Problem description
Restate word for word the lines below that run from the one holding "Des Volkes Erbe" through the one holding "Костюм-тройка женский темно-зеленый", inclusive. Pictures don't belong in the copy.

[Start of section]

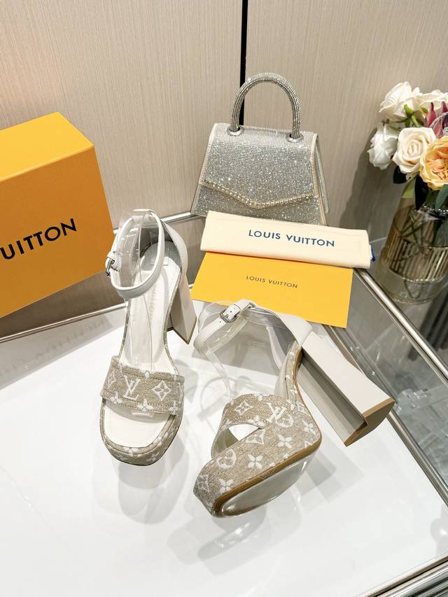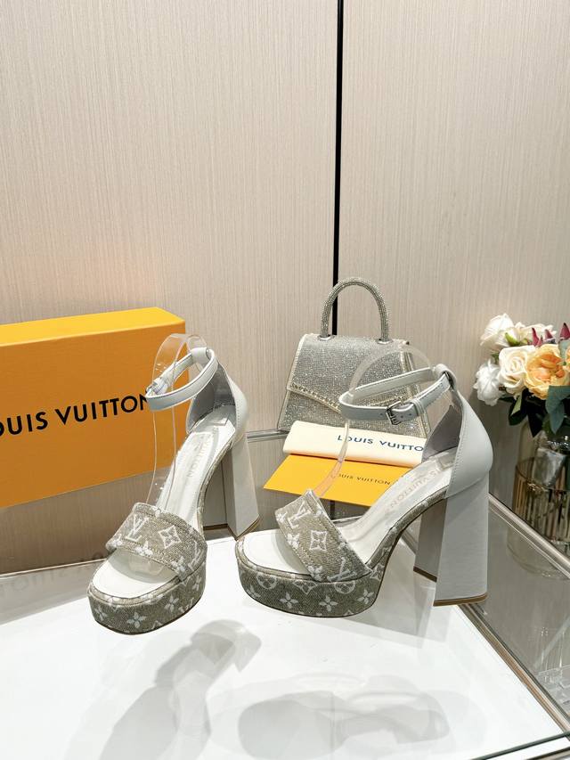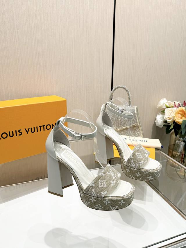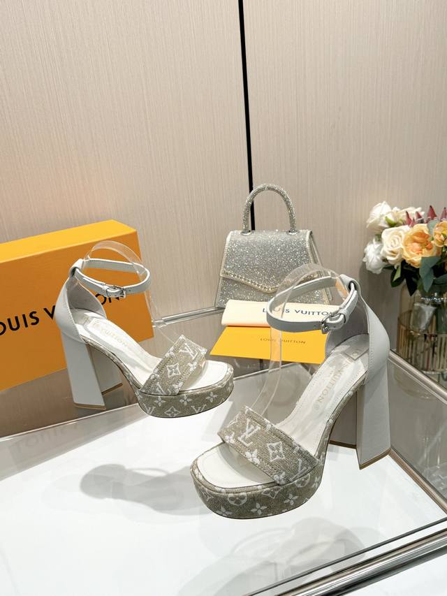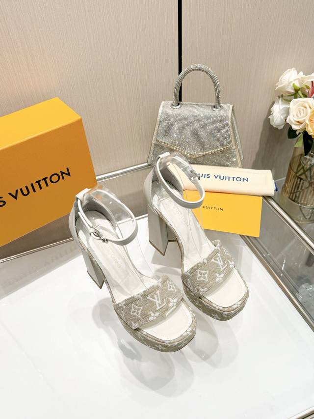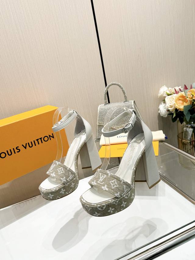 Latest L brand Paris runway sandals, exclusive style, factory direct wholesale: Perfect last + platform design, elegant temperament, comfortable to walk in, original molded last, perfect 1:1 shape, high-end quality, imported high-end fabric presents exquisite texture! Material: Classic monogram imported lambskin denim; Lining: High-quality soft lambskin; Insole: Imported goatskin; Custom-made A-grade high-density private mold outsole, luxurious packaging! 3.5cm platform + 12cm leather heel; Sizes: 35-40, 34, 40, 41 (custom orders are non-refundable/non-exchangeable).
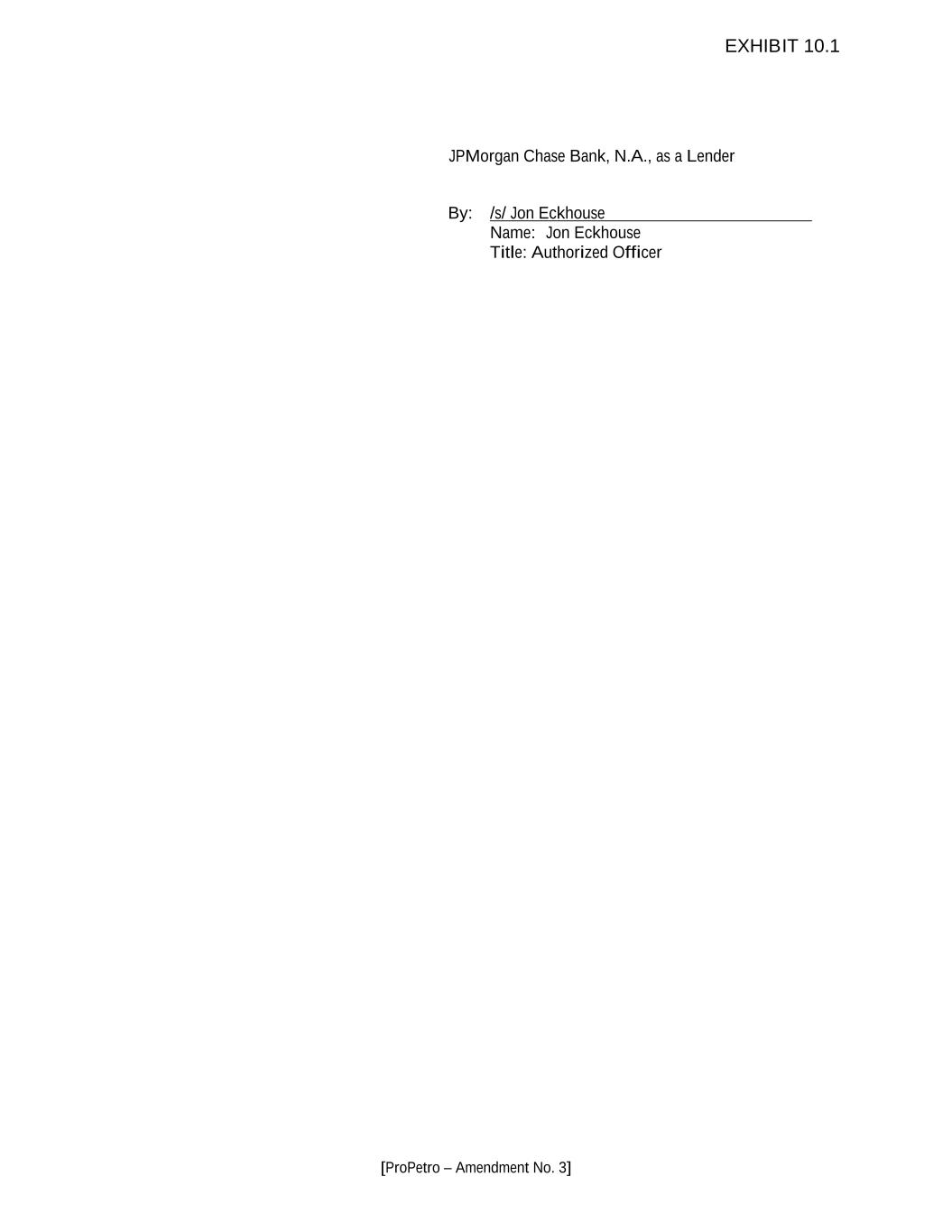 [ProPetro – Amendment No. 3] JPMorgan Chase Bank, N.A., as a Lender By: /s/ Jon Eckhouse Name: Jon Eckhouse Title: Authorized Officer EXHIBIT 10.1
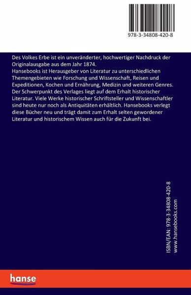 Des Volkes Erbe ist ein unveränderter, hochwertiger Nachdruck der Originalausgabe aus dem Jahr 1874.Hansebooks ist Herausgeber von Literatur zu unterschiedlichen Themengebieten wie Forschung und Wissenschaft, Reisen und Expeditionen, Kochen und Ernährung, Medizin und weiteren Genres. Der Schwerpunkt des Verlages liegt auf dem Erhalt historischer Literatur. Viele Werke historischer Schriftsteller und Wissenschaftler sind heute nur noch als Antiquitäten erhältlich. Hansebooks verlegt diese Bücher neu und trägt damit zum Erhalt selten gewordener Literatur und historischem Wissen auch für die Zukunft bei.
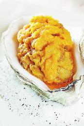 金沙青芥末焗美國珍寶生蠔--以鹹蛋黃加上日本青芥末,沾上外層炸脆的珍寶蠔上,味道濃郁。(圖:香港明報)
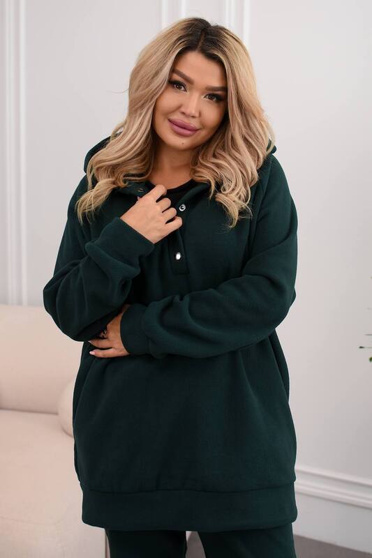 Костюм-тройка женский темно-зеленый из рубчика и флиса утепленный с майкой худи и брюками осенне-зимний больших размеров  k-124262
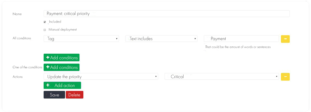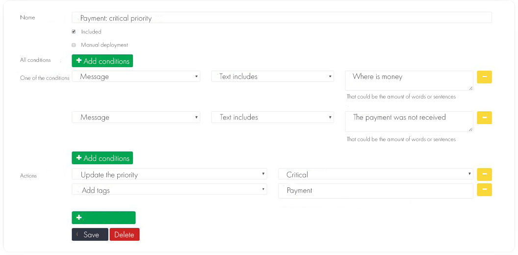 Then we set up the rules. There are several options: for example, determining the category of the request by keywords or adding the required tag to the request by yourself.
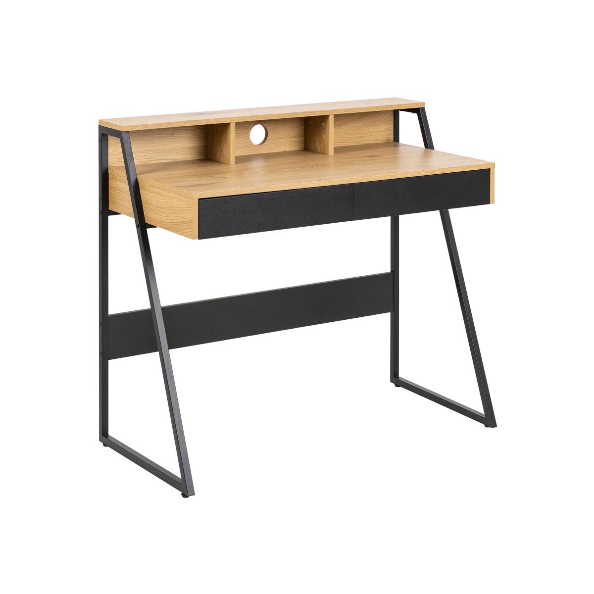 Upgrade your workspace with this Reece Office Desk. Finished with a base of matt black rough powder-coated steel, the desk features metal runners, an open compartment, and a wire hole for added functionality. It includes convenient storage solutions like a drawer and compartments to keep your worktop clutter-free. Ideal for working, studying or organising, this desk is a must-have for study rooms and home offices.
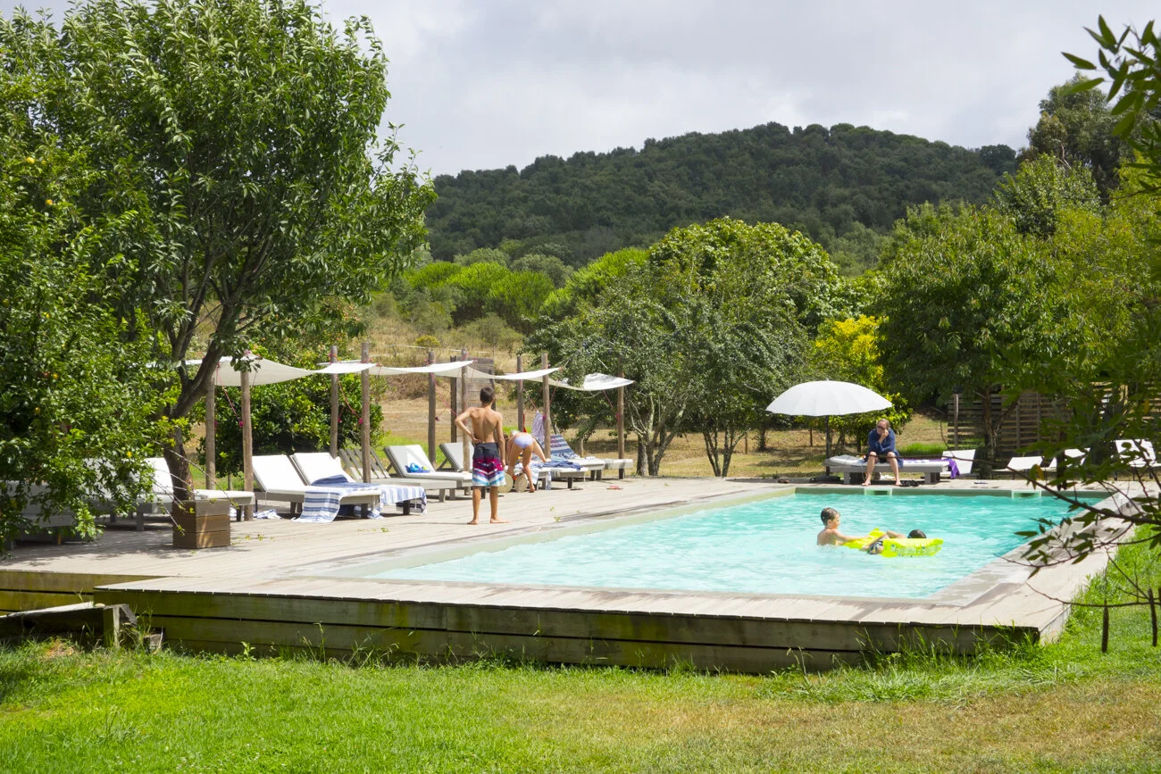 Rota Vicentina is a network of walking trails along the Southwest coast of Portugal, totaling 400 km, along the most beautiful and best preserved coastline of Southern Europe. There are 75+ small hotels and inns featured on the site that line the trail, which is how we found Herdade da Matinha (these places get totally booked up during the summer beach season, so book several months in advance if that’s when you plan to travel). There’s an entrance to the trail right from the Herdade da Matinha property, although Matinha is a bit inland, so we were told it was a 2hr hike just to reach the coastline via the trail. We hiked about an hour in and then turned around because while there were some shaded sections, it was a bit too hot to make it the all the way to the coast on that particular day (and poolside mojitos were calling our name). But we really enjoyed the mix of cork trees, blue skies, and lush pockets of wooded areas along the way.

[End of section]

Result for this task
 Des Volkes Erbe ist ein unveränderter, hochwertiger Nachdruck der Originalausgabe aus dem Jahr 1874.Hansebooks ist Herausgeber von Literatur zu unterschiedlichen Themengebieten wie Forschung und Wissenschaft, Reisen und Expeditionen, Kochen und Ernährung, Medizin und weiteren Genres. Der Schwerpunkt des Verlages liegt auf dem Erhalt historischer Literatur. Viele Werke historischer Schriftsteller und Wissenschaftler sind heute nur noch als Antiquitäten erhältlich. Hansebooks verlegt diese Bücher neu und trägt damit zum Erhalt selten gewordener Literatur und historischem Wissen auch für die Zukunft bei.
 金沙青芥末焗美國珍寶生蠔--以鹹蛋黃加上日本青芥末,沾上外層炸脆的珍寶蠔上,味道濃郁。(圖:香港明報)
 Костюм-тройка женский темно-зеленый из рубчика и флиса утепленный с майкой худи и брюками осенне-зимний больших размеров  k-124262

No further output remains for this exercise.